Born in 1876 in Cadiz, the historical seaport town at the southern-most tip of Andalucia, Manuel de Falla is the greatest Spanish composer of this century. His formal musical education began with piano lessons, and when Falla was twenty his family moved to Madrid where he studied with the distinguished teacher José Tragó. He then went on to study composition with Felipe Pedrell, the teacher and scholar who led the revival of Spanish music which took place towards the end of the nineteenth century.
In 1904 Falla's one-act opera La vida breve (Life is Short) won the composition competition of the Real Academia de Bellas Artes and at the same time he was awarded a prestigious piano prize organised by the piano makers Ortiz y Cussó. In 1907 he achieved a long-held ambition of travelling to Paris and was welcomed there by Ravel, Debussy (with whom he had previously corresponded) and especially by Paul Dukas. He completed several chamber works and began work on Noches en los jardines de Espãna (Nights in Gardens of Spain ) before the outbreak of war in 1914 compelled him to return to his native country.
Two years later he was approached by Diaghilev to write a work for the Russian Ballet and in response composed a mime-play in two tableaux, El corregidor y la molinera (The Magistrate and the Miller's Wife) which, with some subsequent revisions, became El sombrero de tres picos (The Three-Cornered Hat), and was produced highly successfully in London in 1919 with choreography by Massine and designs by Picasso.
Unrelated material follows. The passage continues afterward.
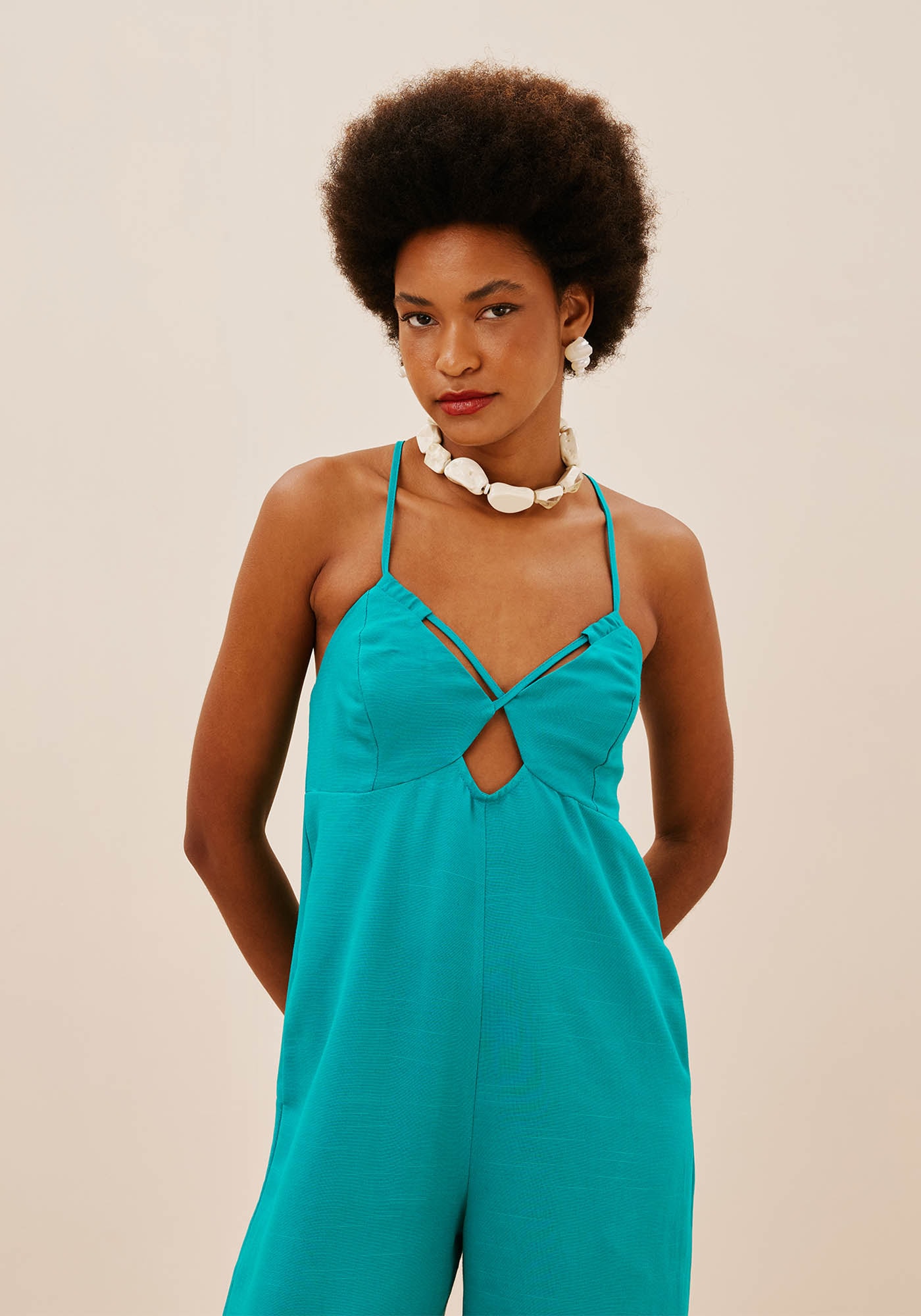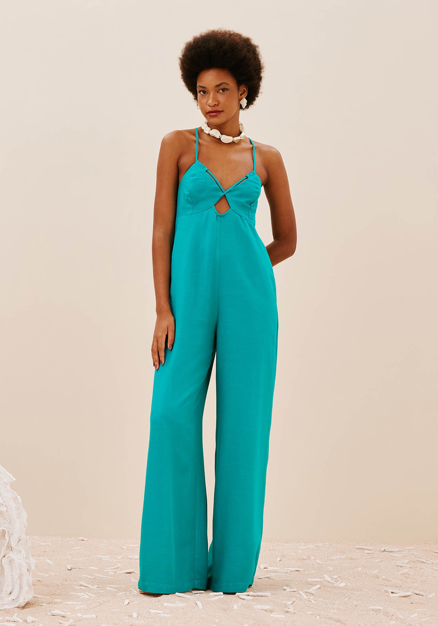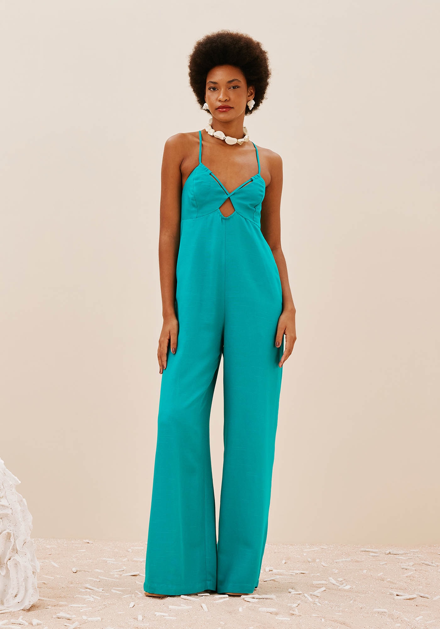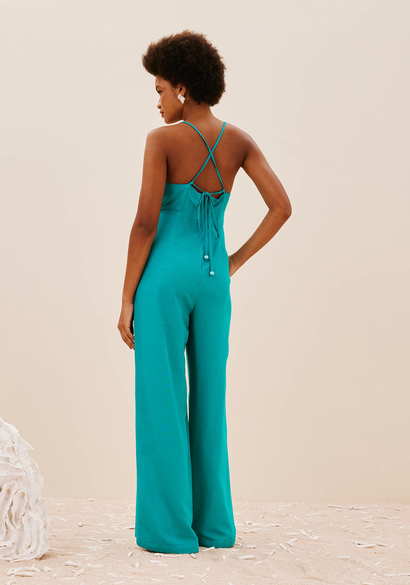 O macacão em cor lisa é confeccionado em tecido61% viscose e 39% algodão. O modelo possui alça fina, que pode facilmente serajustada e amarrada nas costas e o decote ajustado ao busto, com o detalhe daaselha, que deixa o modelo mais charmoso

Following the deaths of his parents in 1919 he settled in Granada, where he remained until the end of the Civil War (1939), and composed several of his most important works including El retablo de maese Pedro (Master Peter's Puppet Show), Psyché and Concerto per clavicembalo (Harpsichord Concerto). He then moved to Argentina and worked there until his death in 1946 just a few days before his 70th birthday, leaving the vast oratorio Atlántida still unfinished.